I have voted in every election since my first in 1972 and after Mom moved back to Eville, always voted at Her polling place, where she proudly showed me off to her buddies. She roped me (and Casey) into volunteering and we spent several Election Nights celebrating at Republican HQ (they don’t call it the GOP for nothing: open bar).

During Mom’s lifetime I would have Never admitted to her that I had voted any way other than Republican. She always said she wouldn’t vote for Jesus Christ if he was on the Democratic ticket — or as Dad called them, “the damn dims”. We have witnessed what that attitude has done to the Republican Party in the last 5 years… She would have drank the kool-aid and worn the hat, I think, as have most of the rest of my family. Still, I’ve been sad to see how ugly the GOP has gotten and I don’t think it represents what my mom (or I) believed in…

But I still believe in the Power of our Vote. I’ve picked the loser on many an occasion, but never doubted the integrity of our elections or the grassroots volunteers who work their asses off to assure that our Vote counts. Since 2016 I’ve developed a skeptical streak, but I remember my mom, opinionated and biased as hell, but honest, and Thank all of the folks who volunteer for the work they do to keep Democracy going.

2016 also opened my eyes to the people who don’t vote—I really thought Everybody voted, or almost, when in actuality it generally runs between 50 and 60 percent nationally. This year, as we read about the record-setting early voting, it remains to be seen if it is really an increase. Rightfully, there should be At Least 90% of Americans voting. I’d love to see that.

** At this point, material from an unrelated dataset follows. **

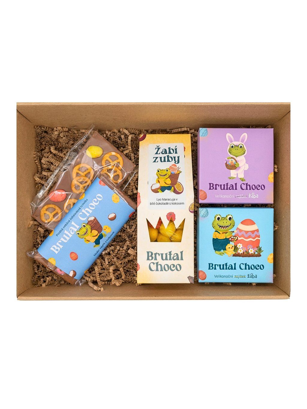 Obsah boxu: Malá velikonoční bonboniéra 2x (fialková a modrá) , velikonoční Žabí zuby, velikonoční sypaná tabulka, plněná mléčná tabulka: Kinder a kokos
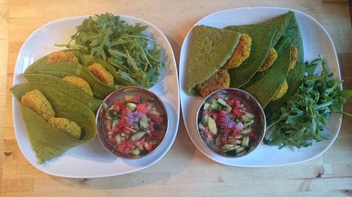 Golden falafel in green spinach fields

It was 18 years ago yesterday that Mom passed over. We buried her on November 5, 2002, which just happened to be a local/state election day. The church where we held the service was also a polling station. As we rolled her casket out, the poll workers stood quietly and for just a second the bustle stopped… It was so fitting…

“No party holds the privilege of dictating to me how I shall vote. If loyalty to party is a form of patriotism, I am no patriot. If there is any valuable difference between a monarchist and an American, it lies in the theory that the American can decide for himself what is patriotic and what isn’t. I claim that difference. I am the only person in the sixty millions that is privileged to dictate my patriotism.”